Kondisi ini dirasakan H Redy, pemilik "Ceker Lapindo" masakan yang selalu menggunakan bahan cabai sebagai bahan pokok masakannya.

Saat ditemui detikcom, Minggu (15/1/2017) di warungnya yang ada di selatan Lapas Sidoarjo, dia mengeluhkan harga cabai rawit yang makin tidak terkontrol.

"Cabai sampai saat ini di Sidoarjo harganya melambung tinggi hampir Rp 100 ribu. Bagi kami itu sangat berat. Karena kami menjaga resep, kami tetap menggunakan cabai dengan kualitas baik, keluh H Redy.

Foto: Suparno
Menurut pria berusia 53 tahun ini, untuk bahan uatama masakannya yang dikenal dengan pedasnya ini, dia setiap hari membutuhkan cabai sebanyak 25 hingga 30 Kg.

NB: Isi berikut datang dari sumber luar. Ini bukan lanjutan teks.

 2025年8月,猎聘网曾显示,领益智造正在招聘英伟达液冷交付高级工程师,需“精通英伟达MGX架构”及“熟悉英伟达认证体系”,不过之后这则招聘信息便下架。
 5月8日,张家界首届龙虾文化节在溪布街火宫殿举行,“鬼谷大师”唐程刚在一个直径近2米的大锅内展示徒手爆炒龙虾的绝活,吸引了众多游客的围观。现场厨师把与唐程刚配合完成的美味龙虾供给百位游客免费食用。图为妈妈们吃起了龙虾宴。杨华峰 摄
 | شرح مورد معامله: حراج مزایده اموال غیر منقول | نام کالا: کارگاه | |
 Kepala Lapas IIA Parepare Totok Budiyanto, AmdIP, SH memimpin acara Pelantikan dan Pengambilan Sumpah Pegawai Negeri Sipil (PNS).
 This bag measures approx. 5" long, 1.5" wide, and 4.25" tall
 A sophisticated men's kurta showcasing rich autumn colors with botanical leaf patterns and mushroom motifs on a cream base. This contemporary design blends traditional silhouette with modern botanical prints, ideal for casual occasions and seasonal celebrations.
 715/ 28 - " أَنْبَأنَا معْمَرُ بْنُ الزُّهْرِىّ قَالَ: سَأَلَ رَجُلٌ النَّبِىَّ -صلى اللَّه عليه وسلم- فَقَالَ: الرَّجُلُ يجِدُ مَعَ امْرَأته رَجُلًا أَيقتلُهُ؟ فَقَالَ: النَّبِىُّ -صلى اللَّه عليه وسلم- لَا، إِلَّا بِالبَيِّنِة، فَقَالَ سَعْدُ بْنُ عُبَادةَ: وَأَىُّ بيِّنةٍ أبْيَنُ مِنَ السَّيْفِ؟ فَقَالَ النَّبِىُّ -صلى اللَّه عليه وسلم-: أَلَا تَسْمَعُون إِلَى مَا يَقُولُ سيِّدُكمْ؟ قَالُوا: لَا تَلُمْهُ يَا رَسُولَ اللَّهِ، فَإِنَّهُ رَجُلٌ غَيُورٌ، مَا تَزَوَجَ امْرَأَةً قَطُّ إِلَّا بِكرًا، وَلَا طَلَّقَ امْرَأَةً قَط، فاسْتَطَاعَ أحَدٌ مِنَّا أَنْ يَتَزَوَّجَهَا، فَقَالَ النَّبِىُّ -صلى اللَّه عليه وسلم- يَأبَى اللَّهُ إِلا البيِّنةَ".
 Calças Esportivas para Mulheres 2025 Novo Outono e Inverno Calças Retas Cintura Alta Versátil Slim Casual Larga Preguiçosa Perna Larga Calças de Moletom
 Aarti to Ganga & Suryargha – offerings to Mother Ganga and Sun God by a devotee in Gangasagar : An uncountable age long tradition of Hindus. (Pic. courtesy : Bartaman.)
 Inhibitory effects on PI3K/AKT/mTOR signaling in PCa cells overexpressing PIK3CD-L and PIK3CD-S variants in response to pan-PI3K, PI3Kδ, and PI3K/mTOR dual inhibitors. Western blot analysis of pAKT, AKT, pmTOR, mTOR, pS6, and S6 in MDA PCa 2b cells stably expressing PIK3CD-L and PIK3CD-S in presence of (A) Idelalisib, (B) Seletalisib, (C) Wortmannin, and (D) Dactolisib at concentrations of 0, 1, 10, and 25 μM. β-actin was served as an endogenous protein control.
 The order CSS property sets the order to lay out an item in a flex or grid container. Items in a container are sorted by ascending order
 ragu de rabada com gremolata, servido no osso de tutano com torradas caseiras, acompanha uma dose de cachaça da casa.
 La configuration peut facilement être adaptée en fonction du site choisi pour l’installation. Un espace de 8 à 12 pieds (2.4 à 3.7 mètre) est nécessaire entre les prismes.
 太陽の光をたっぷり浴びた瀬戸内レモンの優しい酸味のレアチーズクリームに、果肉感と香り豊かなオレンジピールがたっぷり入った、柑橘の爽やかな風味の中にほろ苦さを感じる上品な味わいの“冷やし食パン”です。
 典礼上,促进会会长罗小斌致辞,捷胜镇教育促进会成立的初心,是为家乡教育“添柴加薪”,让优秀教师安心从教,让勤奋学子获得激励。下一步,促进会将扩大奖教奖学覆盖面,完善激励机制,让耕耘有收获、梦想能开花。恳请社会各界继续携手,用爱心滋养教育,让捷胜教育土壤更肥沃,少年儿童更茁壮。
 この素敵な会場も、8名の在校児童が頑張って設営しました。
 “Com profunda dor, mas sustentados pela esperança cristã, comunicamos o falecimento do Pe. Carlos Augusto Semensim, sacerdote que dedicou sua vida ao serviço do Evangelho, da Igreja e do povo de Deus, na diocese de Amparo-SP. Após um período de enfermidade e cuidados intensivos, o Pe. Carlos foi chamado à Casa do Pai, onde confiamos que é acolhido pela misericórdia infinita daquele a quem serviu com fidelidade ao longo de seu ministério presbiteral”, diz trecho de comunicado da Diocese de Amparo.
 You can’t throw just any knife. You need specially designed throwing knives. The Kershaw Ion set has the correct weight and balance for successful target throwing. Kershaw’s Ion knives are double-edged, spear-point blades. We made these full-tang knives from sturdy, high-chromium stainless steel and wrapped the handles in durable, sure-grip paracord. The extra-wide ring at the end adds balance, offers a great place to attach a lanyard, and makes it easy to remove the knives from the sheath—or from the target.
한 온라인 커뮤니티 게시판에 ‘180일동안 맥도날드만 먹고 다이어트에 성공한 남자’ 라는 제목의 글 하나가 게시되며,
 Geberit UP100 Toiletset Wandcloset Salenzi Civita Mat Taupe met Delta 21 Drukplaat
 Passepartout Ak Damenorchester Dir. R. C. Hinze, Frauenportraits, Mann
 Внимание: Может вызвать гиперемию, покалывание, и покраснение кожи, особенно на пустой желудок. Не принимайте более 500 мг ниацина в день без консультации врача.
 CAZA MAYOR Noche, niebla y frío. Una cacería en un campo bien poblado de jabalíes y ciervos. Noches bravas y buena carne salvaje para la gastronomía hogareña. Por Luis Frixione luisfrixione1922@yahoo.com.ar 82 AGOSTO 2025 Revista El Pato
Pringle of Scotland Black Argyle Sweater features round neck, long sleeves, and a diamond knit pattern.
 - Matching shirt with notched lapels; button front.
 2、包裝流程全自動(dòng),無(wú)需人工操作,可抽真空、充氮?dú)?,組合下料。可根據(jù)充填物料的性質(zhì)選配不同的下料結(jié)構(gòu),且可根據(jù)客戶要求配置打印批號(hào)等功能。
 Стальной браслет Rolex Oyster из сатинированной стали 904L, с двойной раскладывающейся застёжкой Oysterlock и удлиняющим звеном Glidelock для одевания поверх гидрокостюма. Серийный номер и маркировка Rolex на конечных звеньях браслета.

"Per hari kami membutuhkan 25 sampai 30 Kg cabai untuk bahan masakan 135 kilogram ceker," ujar H Redy.

Meski harga cabai mahal, H Redy mengaku tidak akan mengurangi bahan utama masakannya tersebut. Sebab, selama ini konsumen sudah mengenal jika masakan "Ceker Lapindo" identik dengan pedasnya.

"Kami tidak akan merubah resep. Kami takut pelanggan kabur," kata H Redy.

Foto: Suparno
Untuk menjaga rasa pedas di "Ceker Lapindo", H Redy mengaku terpaksa menaikan harga per porsinya. Jika sebelum harga cabai mahal, untuk satu porsi "Ceker Lapindo" dihargai Rp 16 Ribu. "Sekarang kita naikan jadi Rp 18 Ribu per porsi. Tapi jika harga cabai turun, harga per porsi juga kita turunkan seperti semula," akunya.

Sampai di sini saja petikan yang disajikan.